Страница 10 из 27
— Достойно есть, — окая нарочито и смеясь, сказал Мизгирь; и спросил запоздало: — А что за фрукт?
— Да Распопин же! С перфомансом…
— Ах, ну да… Аля, будьте умничкой, найдите-ка нам еще этого, искристого. По крайности, мы холстов ничем не портим, заслужили... одним неделаньем заслужили, заметьте, по-толстовски, кажись… Каково?!. — сказал он, обращаясь к Базанову, и тот, против ожиданья, не увидел в его маленьких глазах ничего веселого.
— Таково… — подавил он вздох. Впору на воздух было; но и там ждала, творилась все та же, по сути, неимоверная глупость, только бытовухой прикрытая, суетой и толкотней муравьиной — без их, муравьев, инстинкта. — Неумён человек и продажен, и лжив, и скучен.

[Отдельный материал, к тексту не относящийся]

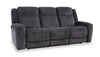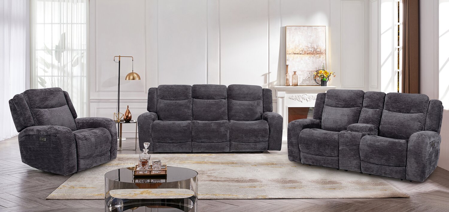 Large arms, cozy material and reclining options all come together in this Atlantis sofa. Perfect to curl up in or stretch out on, this piece offers up two power reclining seats and a middle seat for the whole family. Recline into a neutral position to experience optimal comfort and support with the zero-gravity feature. Plus, the dark grey tone won’t clash with any of your decor, meaning it will fit seamlessly into your home. Sink into the high-density foam cushions for luxurious comfort and recline in modern style with the Atlantis.

Человек наш как таковой. И сколько всё это может продолжаться — никто не знает. И зачем. Аля о смыслах спрашивала, чисто по-женски… маленьких смыслов хватает вроде, а главного — большого — не видно. Не складываются маленькие в большой. Не то чтобы сумма равна нулю… Ну, даже сложим опять, соберем мы страну, воедино, — а люди? Хоть их складывай, хоть перемножай — все те же. Любую сумму в распыл пустят, прожрут и… Это ум человеческий ограничен, а глупость — она безбрежна… Да с такими и не собрать. И надеяться пока не на кого, не подросла еще надежда. Тупик.
— Так серьезно? — Собеседник его, опершись на стол, глядел зорко и почти настороженно, недоверчиво даже; словам он, похоже, не привык особо верить, и правильно делал.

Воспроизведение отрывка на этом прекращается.